Tencent-HQ-BIM-Data-Pipeline-with-AWS

Back to Portfolio

Tencent Headquarters BIM Data Pipeline Using Apache Airflow, AWS Services, and Autodesk Platform Services

This project delivers an end-to-end data pipeline solution designed to process BIM (Building Information Modeling) data from the Revit model of Tencent Global Headquarters in Shenzhen. Developed during the design and construction phases, the pipeline efficiently handles unitized curtain wall metadata to support data-driven decision-making.

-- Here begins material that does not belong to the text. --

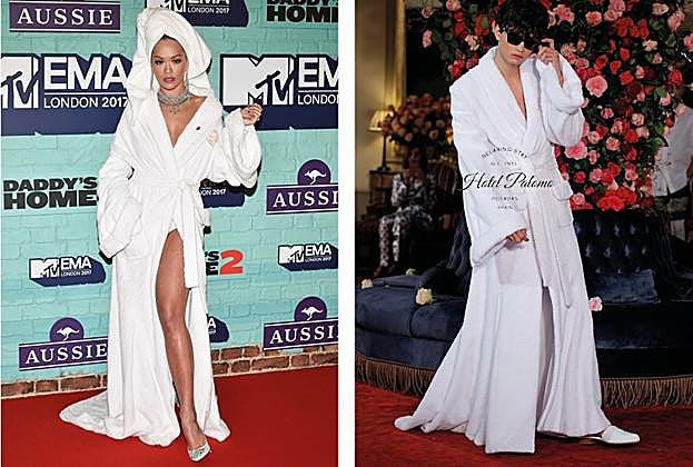 La cantante Rita Ora condujo anoche la gala de los MTV European Music Awards 2017 en albornoz. Pero no en un albornoz cualquiera. Palomo Spain firma el vestido-albornoz largo y su versión corta, con los que la artista posó en la alfombra roja y actuó después sobre el escenario.

Integrating upstream metadata extraction and pre-processing from Autodesk BIM 360 and downstream cloud-based storage, partitioning, schema cataloging, and analytics using AWS services, the pipeline leverages Apache Airflow, Autodesk Platform Services (APS) APIs, AWS CloudFormation, Amazon S3, AWS Glue, and Amazon Redshift. It enables automated, scalable workflows for data extraction, transformation, and storage.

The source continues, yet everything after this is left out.